PROBLEM TO WORK ON: With the line containing "3.配备聚丙烯防泄漏托盘,可单独取出,便于清洁,层板可根据需要调节。" as the start and the line containing "心理中心负责校园南区,化工学" as the end, transcribe that span of the entries below exactly, including both.

EXCERPTED DATA:

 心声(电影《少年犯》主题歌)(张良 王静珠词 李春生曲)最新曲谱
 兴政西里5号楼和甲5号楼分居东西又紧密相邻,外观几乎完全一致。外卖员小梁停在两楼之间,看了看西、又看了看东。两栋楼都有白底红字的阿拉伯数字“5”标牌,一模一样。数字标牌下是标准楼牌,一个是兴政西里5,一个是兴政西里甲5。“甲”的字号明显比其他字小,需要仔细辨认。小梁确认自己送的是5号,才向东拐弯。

...

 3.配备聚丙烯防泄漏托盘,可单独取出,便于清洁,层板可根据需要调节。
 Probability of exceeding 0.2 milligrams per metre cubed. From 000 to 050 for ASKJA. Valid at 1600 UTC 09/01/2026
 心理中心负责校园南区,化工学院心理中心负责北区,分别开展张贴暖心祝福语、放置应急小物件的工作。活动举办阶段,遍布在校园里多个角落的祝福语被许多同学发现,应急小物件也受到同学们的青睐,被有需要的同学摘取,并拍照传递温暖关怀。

...

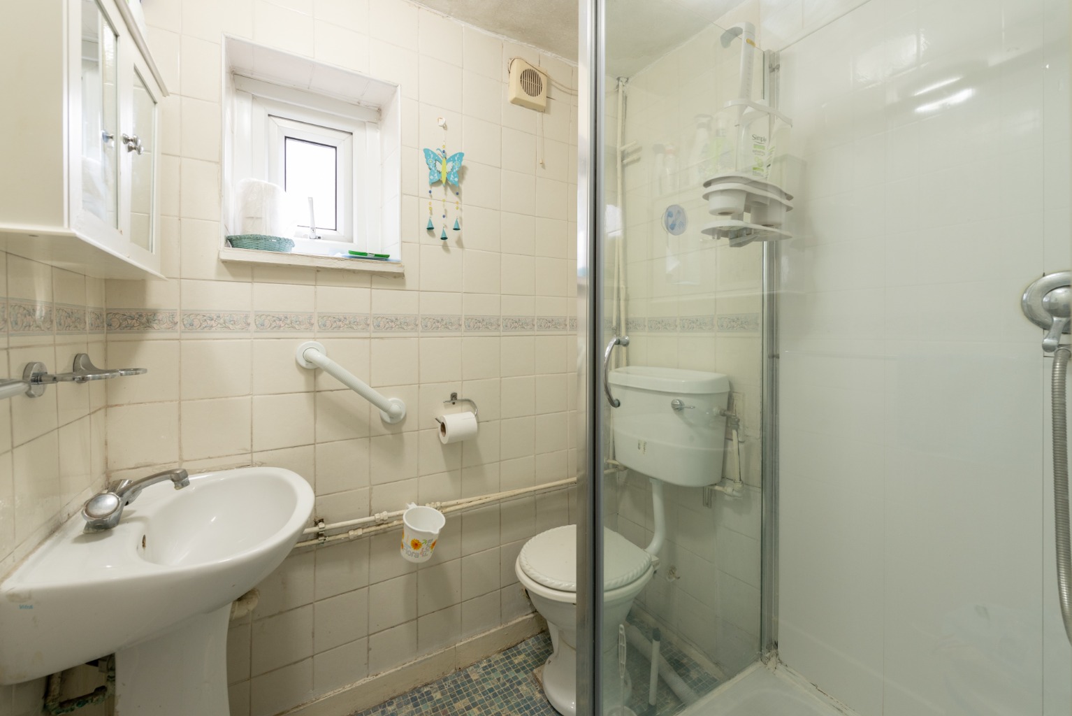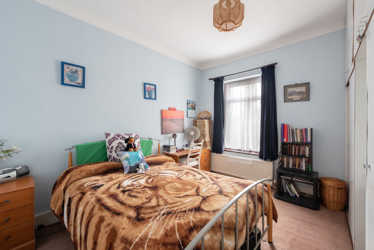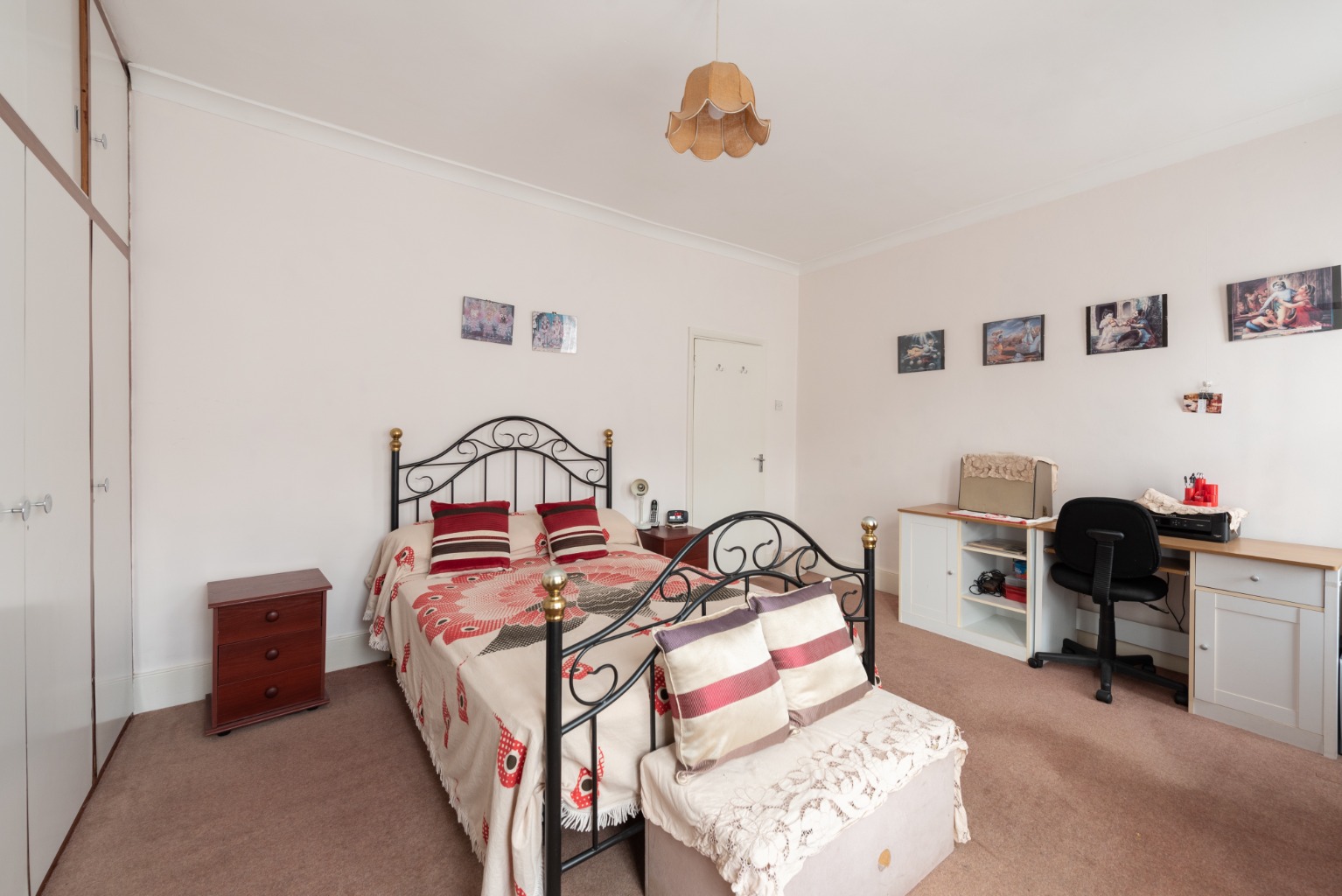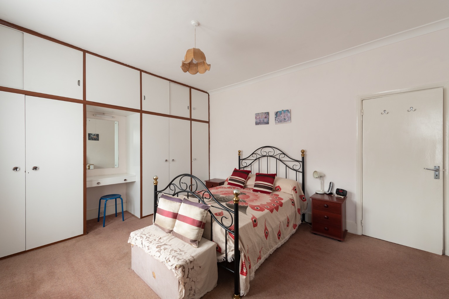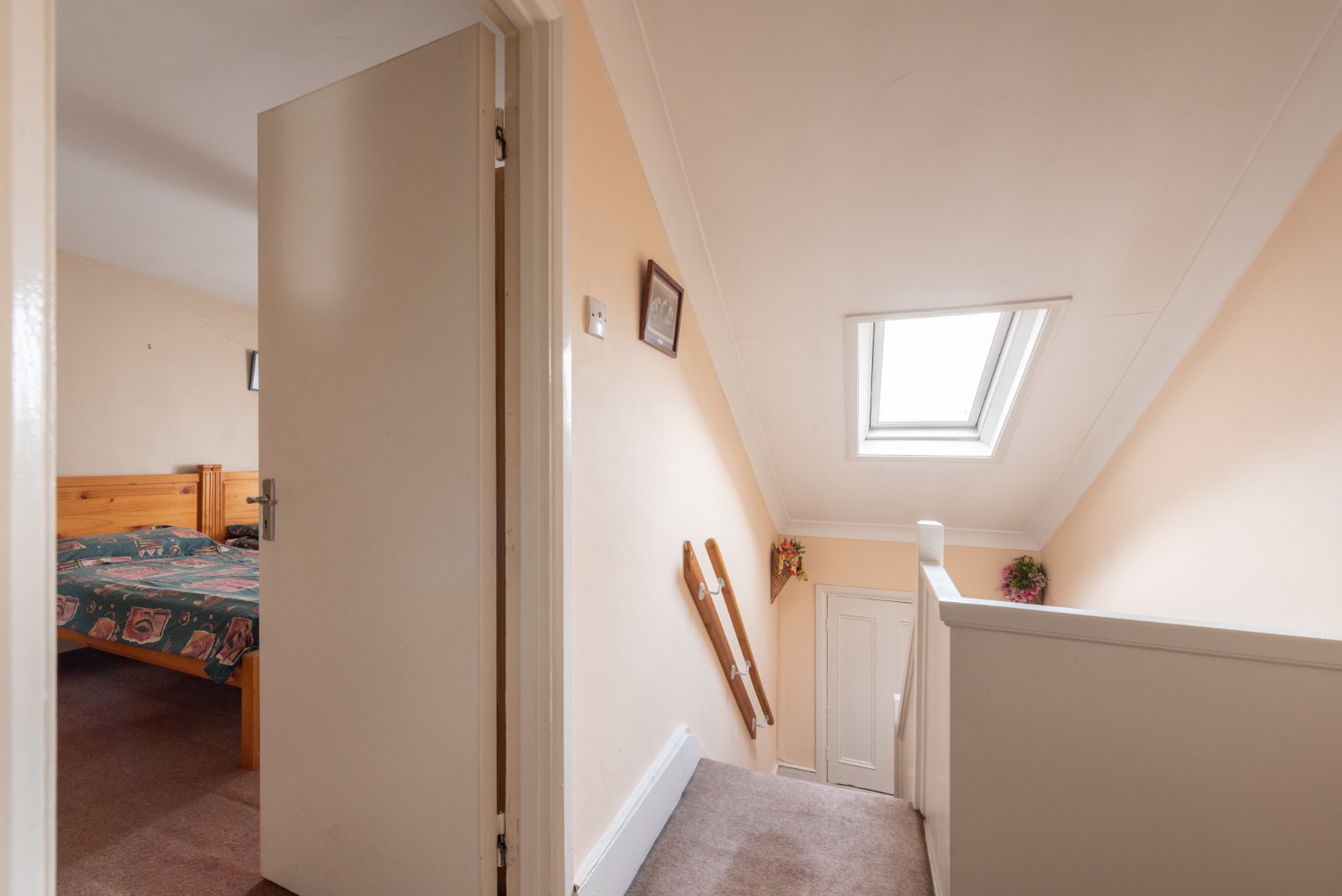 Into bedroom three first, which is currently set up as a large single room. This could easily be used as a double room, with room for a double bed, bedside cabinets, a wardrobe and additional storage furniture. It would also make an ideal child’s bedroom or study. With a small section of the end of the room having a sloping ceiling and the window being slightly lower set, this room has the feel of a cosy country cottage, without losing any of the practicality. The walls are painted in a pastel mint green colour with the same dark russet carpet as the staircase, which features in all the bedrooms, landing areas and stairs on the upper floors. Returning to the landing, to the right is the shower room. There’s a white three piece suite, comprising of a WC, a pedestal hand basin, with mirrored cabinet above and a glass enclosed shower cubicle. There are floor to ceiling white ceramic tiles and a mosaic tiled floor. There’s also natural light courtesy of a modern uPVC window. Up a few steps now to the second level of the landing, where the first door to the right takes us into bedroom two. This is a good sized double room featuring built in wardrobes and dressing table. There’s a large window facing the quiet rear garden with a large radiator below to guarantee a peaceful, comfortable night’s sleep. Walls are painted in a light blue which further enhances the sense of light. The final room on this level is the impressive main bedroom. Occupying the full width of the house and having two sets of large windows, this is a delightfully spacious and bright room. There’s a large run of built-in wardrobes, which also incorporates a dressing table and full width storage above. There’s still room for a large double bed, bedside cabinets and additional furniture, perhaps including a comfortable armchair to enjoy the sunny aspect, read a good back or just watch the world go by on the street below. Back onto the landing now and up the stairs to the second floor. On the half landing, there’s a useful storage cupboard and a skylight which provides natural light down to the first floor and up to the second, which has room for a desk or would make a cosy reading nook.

PROBLEM SOLUTION:
 3.配备聚丙烯防泄漏托盘,可单独取出,便于清洁,层板可根据需要调节。
 Probability of exceeding 0.2 milligrams per metre cubed. From 000 to 050 for ASKJA. Valid at 1600 UTC 09/01/2026
 心理中心负责校园南区,化工学院心理中心负责北区,分别开展张贴暖心祝福语、放置应急小物件的工作。活动举办阶段,遍布在校园里多个角落的祝福语被许多同学发现,应急小物件也受到同学们的青睐,被有需要的同学摘取,并拍照传递温暖关怀。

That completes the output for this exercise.